For more than a century it has been possible for workers to establish co-operatives on a large scale, and as Marx suggested to utilise credit to extend such co-operative production on a national, indeed international scale. Yet, for the various sectarian ends, the reformist bureaucracy and the elitist revolutionary sects have actively opposed such a development. In that sense, there is a crisis of leadership that has persisted for all that time. Indeed, the support of both the reformists and the revolutionary sects for welfarism, and state capitalism has again been an active misleadership of the working-class.
If we look at somewhere like China, tens of thousands of peasants flood into the towns and cities, not because, as happened in the British Industrial revolution, they have been dispossessed, but because, in a similar way to that pointed out by Lenin against the Narodniks, the advanced capitalist production that is now possible in China, is capable of providing Chinese peasants with a much higher living standard than they can achieve as independent peasants living in the countryside.
In Britain, workers in general only sink back into such a peasant existence out of desperation. Unable to obtain permanent, stable full-time employment, they become self-employed, peasant producers and artisans, scraping a living as window cleaners and so on. The success of capitalism, in providing a high standard of living for the majority of workers, despite the stagnation of wages in the UK over the last 30 years, means that in order to provide workers with a credible, and attractive alternative, it must be something which here and now offers them at least some comparable standard of living together with some real control over their lives.

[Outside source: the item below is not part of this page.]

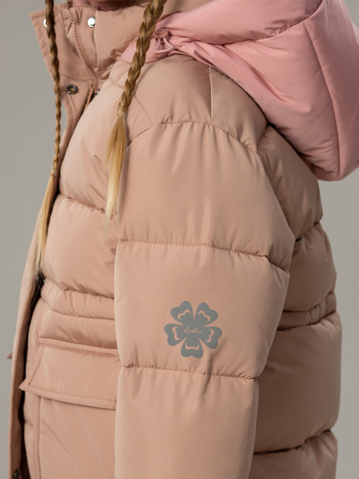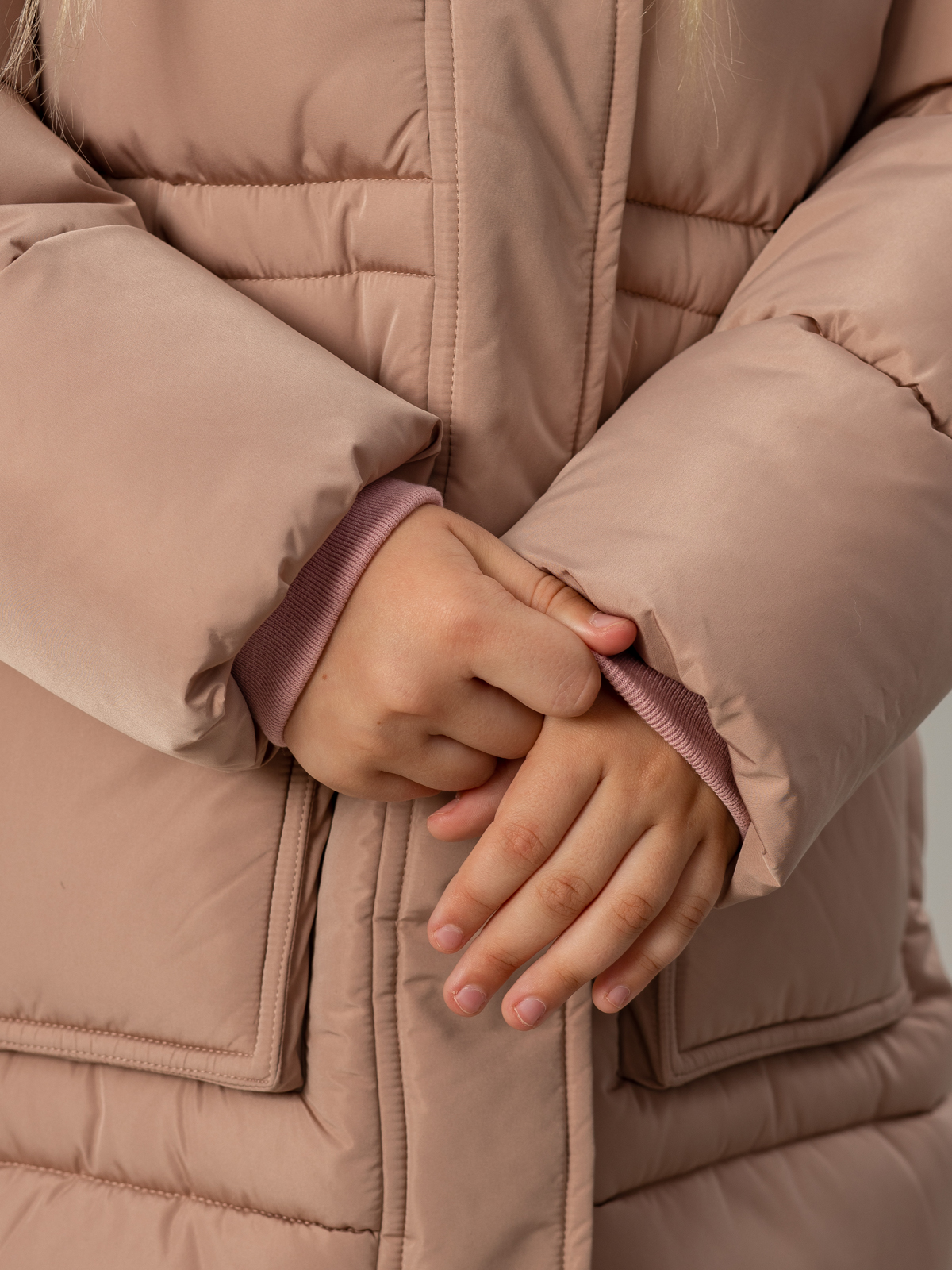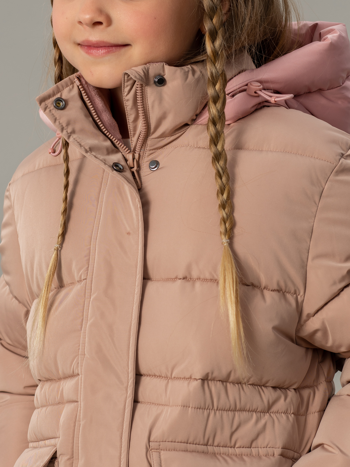 Удлиненная стеганая куртка с контрастным розовым капюшоном станет незаменимым элементом зимнего гардероба девочки. Модель отличается продуманным дизайном и высоким комфортом. Практичная молния с ветрозащитной планкой надежно защитит от холода. Регулируемый капюшон с розовым акцентом добавит уюта и защитит от непогоды.Функциональные карманы с клапанами позволят взять с собой все необходимое, а мягкая внутренняя утяжка по поясу обеспечит идеальную посадку. Трикотажные манжеты сохранят тепло и комфорт.Мембранная ткань 5000/5000 надежно защитит от ветра и осадков, а инновационный утеплитель из искусственного пуха плотностью 350 г/м² обеспечит тепло даже в сильные морозы.

Co-operative production has clearly been shown to offer such a credible alternative, but to be a truly attractive proposition, it needs as Marx and Engels argued, undertaken on a large scale via a co-operative federation, which today would have to extend across the EU. Production is already socialised production undertaken by socialised capitals. The contradiction today is that private money-capitalists are allowed to exercise an unwarranted control over that capital, and to leach interest from it.
Even bourgeois politicians like Clinton, and May, and bourgeois representatives like Carney, propose changes to corporate governance laws, to facilitate a degree of industrial democracy such as workers on boards, something which has existed in Germany for a long time. Yet, the left fails to pursue such political and democratic struggles, remaining within the straitjacket of Economistic industrial struggles for higher wages, and so on, coupled with the desire to “build the party” in preparation for the long awaited political revolution.
No, the objective conditions for socialism already exist, and the political leadership of the working-class has been sorely lacking in recognising their existence, and waging a determined struggle for control over them, instead continuing to wage the battles of the 19th century, and being dominated by romantic delusions more appropriate to the Great French Revolution than the revolution we must now undertake.